Topological materials do not perfectly fit the conventional categories of substances found in everyday life. They were first materialized in the 1980s, but only became practical in the mid-2000s with an in-depth understanding of topology, which deals with geometric objects whose properties remain the same even when objects undergo extreme deformation. Researchers have experimentally discovered topological materials even more recently, using the tools of quantum physics.

Within this domain, topological semimetals, which share the qualities of metals and semiconductors, are of particular interest to Nguyen. “They offer high levels of thermal and electrical conductivity and inherent robustness, which makes them very promising for applications in microelectronics, energy conversions and quantum computing,” he says.

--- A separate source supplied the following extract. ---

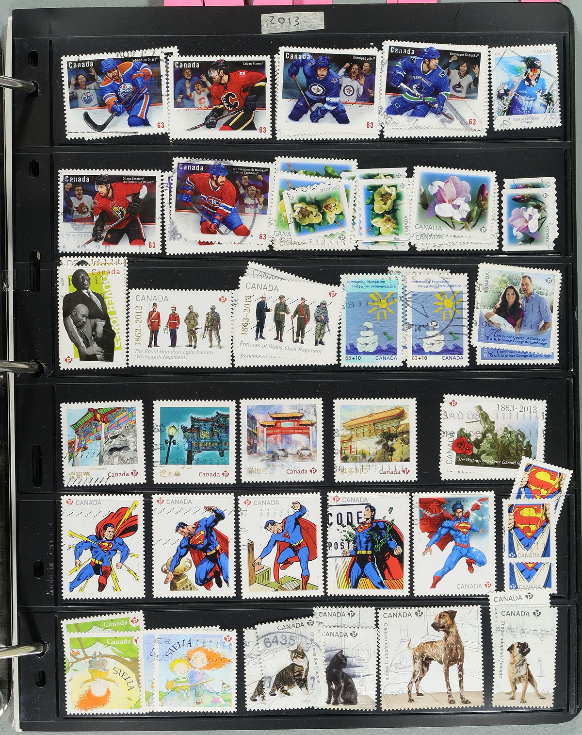 Large used collection of Canada 1859-2020, containing a few thousand stamps, neatly organized in roughly 55 double-sided Vario stock pages, housed in a thick binder. This collection has a little bit of everything including a few Small Queens, Jubilees, Leafs, Numerals, and continues with sets and partial sets of Edwards (full set), Quebecs (up to 7c), Admirals, Scrolls (up to 50c Bluenose), and complete sets of Arch, Pictorials, War and Peace issues. The collection continues with a good run of issues, including many modern used (8 double sided pages of post-2010 issues), along with a small selection of officials (perforated and overprinted), special delivery, revenues, and Newfoundland. A nice lot with duplication up to 10 for only a few issues. Online photos show a small sampling. Estimate =

Intrigued by the possibilities that could emerge from such “unconventional physics”, Nguyen is pursuing two related but distinct areas of research: “On the one hand, I am trying to identify and then synthesize new and robust topological semimetals, and on the other, I want to detect new fundamental physics with neutrons and further designing new devices “.

On a fast search track

Achieving these goals in the coming years may seem like a tall order. But at MIT, Nguyen took every opportunity to master the specialized techniques needed to conduct large-scale experiments with topological materials and get results. Led by his advisor, Mingda Li, assistant professor Norman C Rasmussen and director of the Quantum Matter Group within NSE, Nguyen was able to immerse himself in meaningful research even before setting foot on campus.

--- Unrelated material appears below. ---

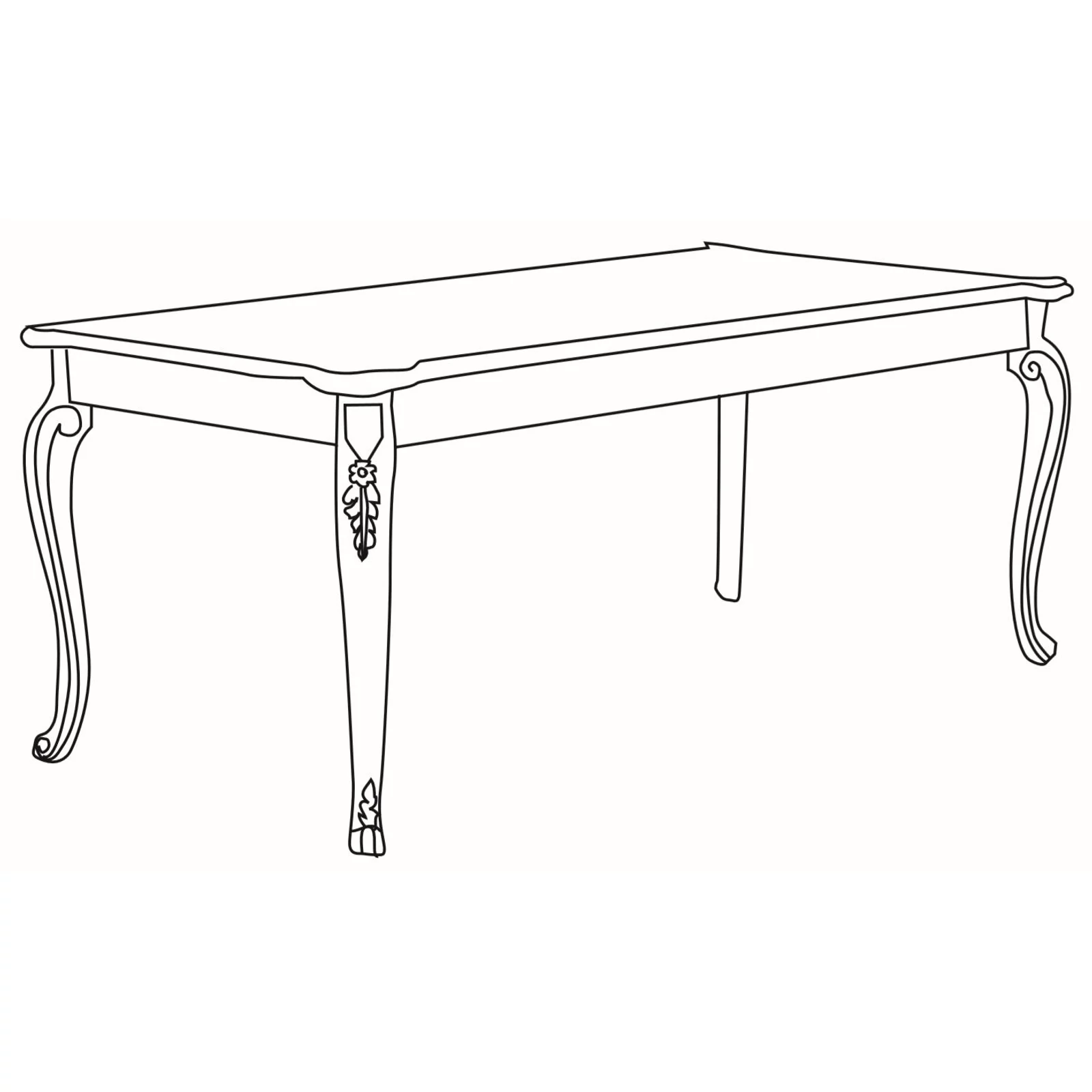 A fedőlap 25 mm vastag MDF-ből, dekoratív furnérozott panelből készült, festett félmatt kidolgozású dekorációkkal. A keret és a lábak fából készültek.

“Last summer, before I joined the group, Mingda sent me on a trip to Argonne National Laboratory for a very fun experiment that used synchrotron X-ray scattering to characterize topological materials,” recalls Nguyen. “Learning the techniques fascinated me in the field and I began to see my future.”

During his first two years of graduate school, he participated in four studies, serving as the lead author on three journal articles. In a noteworthy project, described earlier this year in Physical Review Letters, Nguyen and other researchers from the Quantum Matter Group demonstrated, through experiments conducted in three national laboratories, unexpected phenomena involving the way electrons interact. they move through a topological semimetal, tantalum phosphide (TaP).

“These materials inherently resist perturbations like heat and noise and can conduct electricity with a degree of robustness,” says Nguyen. “With robust properties like this, some materials can conduct electricity better than the best metals and in some circumstances superconductors, which is an improvement over current generation materials.”

This discovery opens the door to topological quantum computing. Current quantum computing systems, in which the elementary units of computation are qubits that perform superfast computations, require superconducting materials that only function in extremely cold conditions. Fluctuations in heat can take one of these systems out of action.

“Properties inherent in materials such as TaP could form the basis of future qubits,” says Nguyen. Imagine synthesizing TaP and other topological semimetals – a process involving the delicate cultivation of these crystal structures – and then characterizing their structural and excitational properties with the help of neutron beam and X-ray technology, which probe these materials at the level atomic. This would allow them to identify and distribute the right materials for specific applications.

“My goal is to create programmable artificial structured topological materials, which can be applied directly like a quantum computer,” says Nguyen. “With infinitely better heat management, these quantum computing systems and devices could prove to be incredibly energy efficient.”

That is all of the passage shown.